How many of these promises are we doubting now in this season that feels like one long “Silent Saturday”, as it seems the whole world has stopped.
And yet these promises never stopped being True for His followers when Jesus was seemingly “gone”, so why would they stop being true for us now?
In reality life is one long Saturday as we live between the first and second resurrection, the first being when Jesus walked out of the tomb and the second will be when WE are raised to new life with no more mourning and no more pain and no more crying.
But for now, we mourn, we grieve and we remind ourselves of His PROMISES because He was faithful then and He is faithful now. He was close then and He is close now.
And that it’s just after the darkest dark that the Son rises!
I know none of this is a new, just simply my own ponderings on this Easter afternoon.
It’s not hard to find some stark similarities in Easter 2020 and the very first Easter.
John says the “doors were locked” and the people were in “fear.”
Then all of a sudden, one verse later, John 20:20 says they were “glad”?
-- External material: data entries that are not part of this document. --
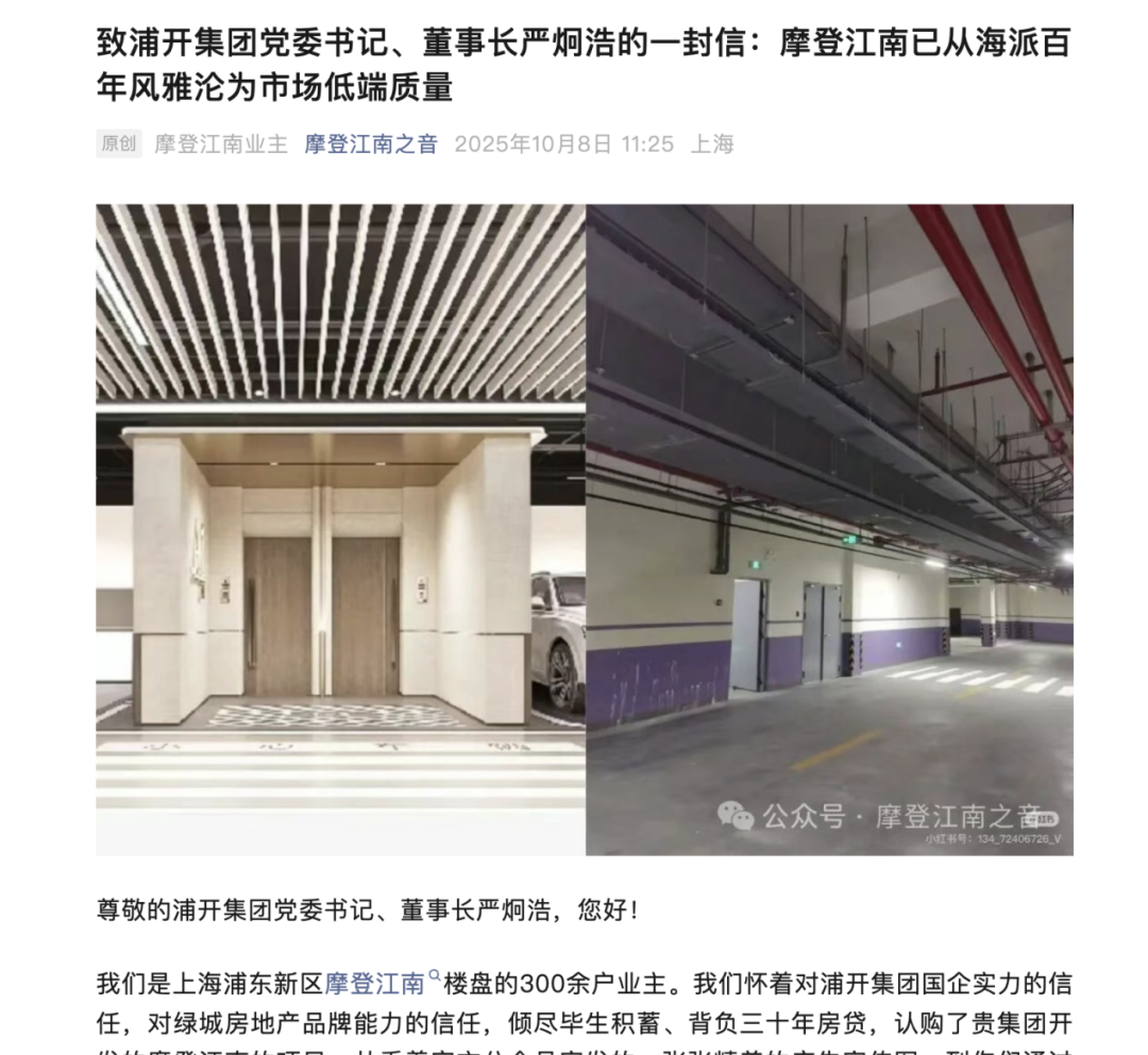 10月,他被浦开摩登江南的业主公开致信,点名要求解决项目问题。信中列出品质、交付、配套等一系列质疑,措辞激烈:“虚假宣传、偷工减料、降标减配……您的团队趾高气扬、充满傲气。”
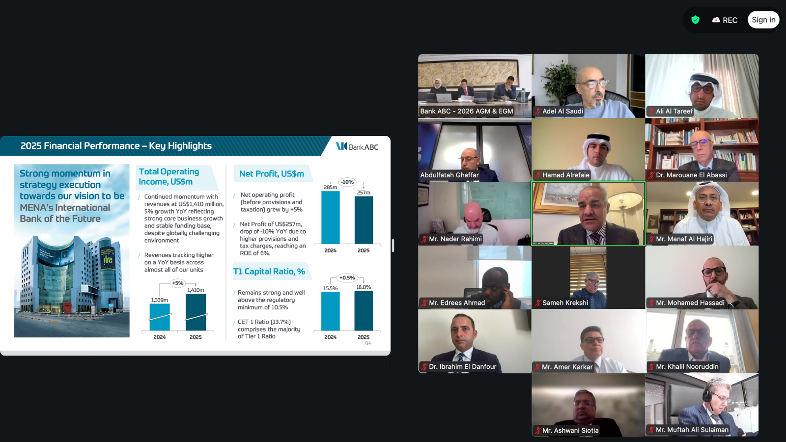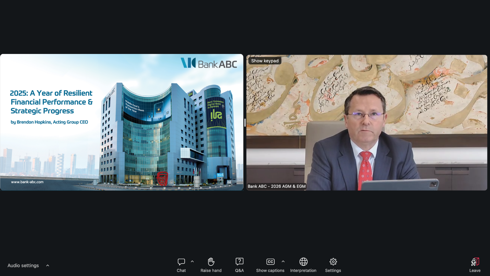 وطنا اليوم:عقد بنك ABC (المؤسسة العربية المصرفية ش.م.ب.) اجتماع الجمعية العامة العادية وغير العادية إلكترونيًا بتاريخ 26 مارس 2026، وقد ترأس كلا الاجتماعين رئيس مجلس إدارة المجموعة سعادة السيد / ناجي بلقاسم.
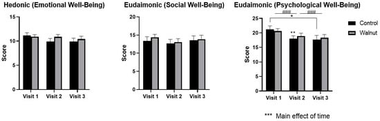 The effects of walnut consumption on perceived hedonic and eudaimonic well-being before, during and after the university examination period in the short form-Mental Health Continuum. Clinical Visit 1 occurred during the first half of the university semester, Visit 2 occurred during the university examination period, and Visit 3 occurred at the end of the university semester. * (Below graph) Denotes significant main effects, *** = p < 0.001. * (On graph) Denotes a difference in control means compared to the immediately preceding visit unless otherwise indicated by lines, * = p < 0.05, ** = p < 0.01; # denotes a difference in main effect of time (visit), ### = p < 0.001. Mixed effects analyses followed by Bonferroni multiple comparisons. Hedonic (Emotional Well-Being) data transformed prior to analysis. Visit 1: control n = 33; walnut n = 34. Visit 2: control n = 30; walnut n = 29. Visit 3: control n = 29; walnut n = 30. Small differences in sample size are due to participant withdrawals and incomplete responses to the questionnaire. Analyses performed on responses from all 3 cohorts.
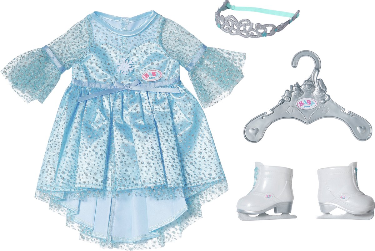 Een echte blikvanger op het ijs: dat is BABY born in haar nieuwe, glinsterende ijsprinsessenjurk. Op de bijpassende kunstschaatsen glijdt ze moeiteloos over het bevroren meer samen met Teddy en Carla. Freestyle: de tiara blijft op haar hoofd zitten tijdens de vele pirouettes. Een tulen droom: de zachtblauwe jurk heeft lange mouwen en is versierd met glittersteentjes Elegant op het ijs: ook inbegrepen zijn bijpassende kunstschaatsen en een tiara Niet alleen voor BABY born: BABY born Sister en Beer kunnen ook ijsprinsessen worden in de jurk Accessoires van topkwaliteit voor de BABY born-speelpop. Voor verbeterd, gevarieerd en langdurig speelplezier.
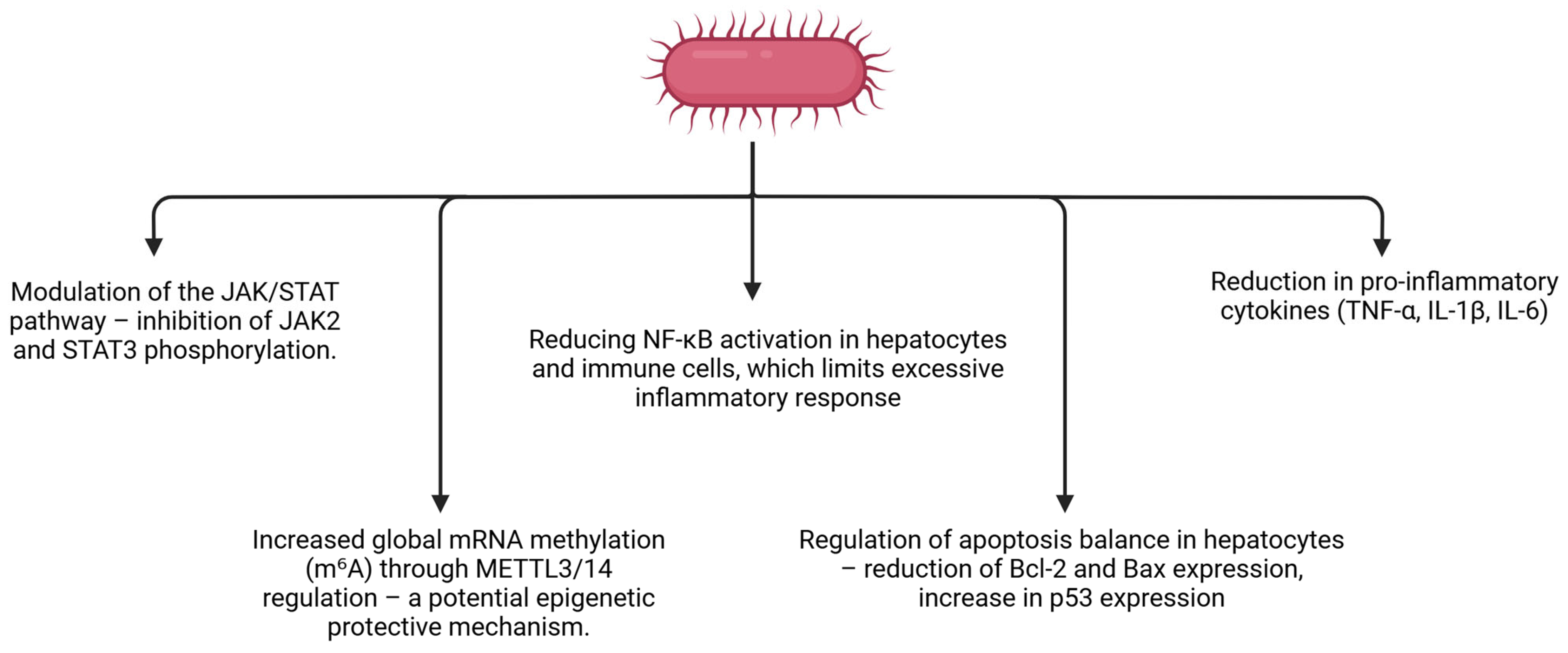 | Immunomodulating | Modulation of innate and adaptive immune responses; attenuation of TLR4-driven inflammatory signaling; inhibition of JAK/STAT pathways via induction of SOCS1/SOCS3; polarization of macrophages and microglia toward anti-inflammatory phenotypes; suppression of dendritic cell maturation and antigen presentation; rebalancing of cytokine profiles (↓ TNF-α, IL-1β, IL-6; ↑ IL-10, IL-4); indirect immune modulation via gut barrier reinforcement and microbiota remodeling | Predominantly preclinical evidence from non-porcine and non-hepatic models; limited direct validation in porcine immune cells and liver-resident macrophages (Kupffer cells); context- and dose-dependent effects; unclear contribution of microbiota-mediated versus cell-intrinsic mechanisms; lack of clinical immunomodulatory endpoints | [43,48,49,50,52,57,77,86] |

What happened to cause this change from fear to gladness? Jesus happened!
As they were gathered together Jesus showed up and spoke peace over them and in an instant they were glad.
Jesus’ followers received peace through His presence, through His wounds, through His words, and through His Spirit.
And Jesus is offering these things to us today.
Psalms 139:7 reminder us that there is nowhere we can go away from His presence.
1 Peter 4:13 promises that if we share in His sufferings we will share in His glory.
Matthew 7:24 says that His words are like a rock to build our life on.
And His Spirit…mmmm…John 20:22 says that Jesus “breathed” on them (that part might be a little different than Easter 2020, ain’t nobody breathing on anybody). But in all seriousness the word “breath” here is only used once in the whole New Testament and it is the word that the Septuagint translators of used in Genesis 2:7 when God first breathed into Adam. It was God’s breath that brought Adam to life and in the same way Jesus was empowering them to a new life with His Spirit IN them!
Then Jesus speaks peace to them again and sends them out. Out beyond the wall they were hiding behind, out beyond the fears they were paralyzed by. Jesus’ peace was enough for them in the gathering (v.19) and in the scattering (v.21), in the staying and in the going. It’s also interesting to note, the Greek word translated “peace” is thought to be from the root word meaning “to join”. Peace comes from joining with Jesus.
Today Jesus is offering us His presence, His wounds, His words, and His Spirit and in all these things you will find Him to be ENOUGH! (Jer. 29:13, see Cover Photo on “matsa”).